How to Improve deploying-active-directory-honeytokens skill

Give precise directory context

Better results come from naming the domain functional level, OU path, intended decoy type, and the telemetry destination. For example, ask for a fake privileged account in OU=Service Accounts,DC=corp,DC=example,DC=com with a matching alert path in Sentinel or Splunk, rather than asking for “an AD honeypot.”
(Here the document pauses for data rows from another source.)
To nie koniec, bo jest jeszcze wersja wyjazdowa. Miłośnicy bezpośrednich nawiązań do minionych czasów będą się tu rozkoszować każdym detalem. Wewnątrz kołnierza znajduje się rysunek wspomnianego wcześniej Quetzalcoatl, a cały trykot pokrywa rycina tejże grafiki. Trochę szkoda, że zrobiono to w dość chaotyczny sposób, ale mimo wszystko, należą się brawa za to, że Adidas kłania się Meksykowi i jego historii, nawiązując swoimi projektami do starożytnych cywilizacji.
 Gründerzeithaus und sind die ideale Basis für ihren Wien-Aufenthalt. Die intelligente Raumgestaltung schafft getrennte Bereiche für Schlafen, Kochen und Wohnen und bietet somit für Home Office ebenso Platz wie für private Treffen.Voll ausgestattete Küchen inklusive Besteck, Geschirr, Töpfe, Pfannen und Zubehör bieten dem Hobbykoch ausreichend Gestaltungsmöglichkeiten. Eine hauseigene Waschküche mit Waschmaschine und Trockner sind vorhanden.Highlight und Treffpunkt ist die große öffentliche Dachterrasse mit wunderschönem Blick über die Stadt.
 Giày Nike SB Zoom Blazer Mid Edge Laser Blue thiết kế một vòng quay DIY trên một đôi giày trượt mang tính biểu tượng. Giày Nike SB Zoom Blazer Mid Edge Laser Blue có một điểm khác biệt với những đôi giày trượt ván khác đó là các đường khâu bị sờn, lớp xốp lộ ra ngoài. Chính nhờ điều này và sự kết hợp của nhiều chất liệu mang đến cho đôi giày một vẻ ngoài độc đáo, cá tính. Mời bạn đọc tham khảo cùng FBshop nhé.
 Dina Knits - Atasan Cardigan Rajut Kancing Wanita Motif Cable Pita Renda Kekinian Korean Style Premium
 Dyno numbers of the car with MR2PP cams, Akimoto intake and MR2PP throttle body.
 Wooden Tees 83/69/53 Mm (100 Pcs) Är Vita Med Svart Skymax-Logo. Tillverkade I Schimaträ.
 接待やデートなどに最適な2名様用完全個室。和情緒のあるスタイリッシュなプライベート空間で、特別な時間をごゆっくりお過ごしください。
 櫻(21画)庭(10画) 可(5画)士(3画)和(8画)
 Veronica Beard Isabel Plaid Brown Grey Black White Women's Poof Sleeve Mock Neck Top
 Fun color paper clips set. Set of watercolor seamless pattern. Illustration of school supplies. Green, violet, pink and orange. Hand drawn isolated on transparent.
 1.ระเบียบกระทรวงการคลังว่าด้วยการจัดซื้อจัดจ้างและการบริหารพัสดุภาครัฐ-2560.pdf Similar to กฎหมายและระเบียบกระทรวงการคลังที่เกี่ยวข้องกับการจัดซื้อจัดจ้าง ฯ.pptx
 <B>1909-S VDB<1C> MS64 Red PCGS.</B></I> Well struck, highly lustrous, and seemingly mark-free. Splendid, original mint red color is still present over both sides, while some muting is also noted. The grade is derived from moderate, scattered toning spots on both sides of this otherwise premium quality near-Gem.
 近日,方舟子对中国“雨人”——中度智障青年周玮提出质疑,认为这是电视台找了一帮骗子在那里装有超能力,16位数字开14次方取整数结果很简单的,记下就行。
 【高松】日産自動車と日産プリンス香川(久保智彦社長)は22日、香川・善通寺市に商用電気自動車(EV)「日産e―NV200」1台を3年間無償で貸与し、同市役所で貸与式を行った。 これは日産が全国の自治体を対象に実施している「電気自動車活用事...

State the detection outcome you want

The skill works best when the success condition is explicit: 4769 for fake SPN access, 4662 for object reads, 4625 for failed use of a decoy credential, or 5136 for GPO tampering. That focus helps the deploying-active-directory-honeytokens skill generate objects that are actually observable.

Avoid common implementation mistakes

The biggest failure mode is asking for stealthy deception without providing operational constraints. If you do not specify naming policy, audit scope, rollback plan, and whether the account should appear privileged but remain inert, the result may be technically correct but awkward to deploy.

Iterate from a narrow first deployment

Start with one honeytoken type, validate the event path, then expand to additional decoys. For the next pass, ask the skill to refine the PowerShell, tighten the SIEM logic, or adjust the account metadata so the deploying-active-directory-honeytokens guide becomes easier to operate in your environment.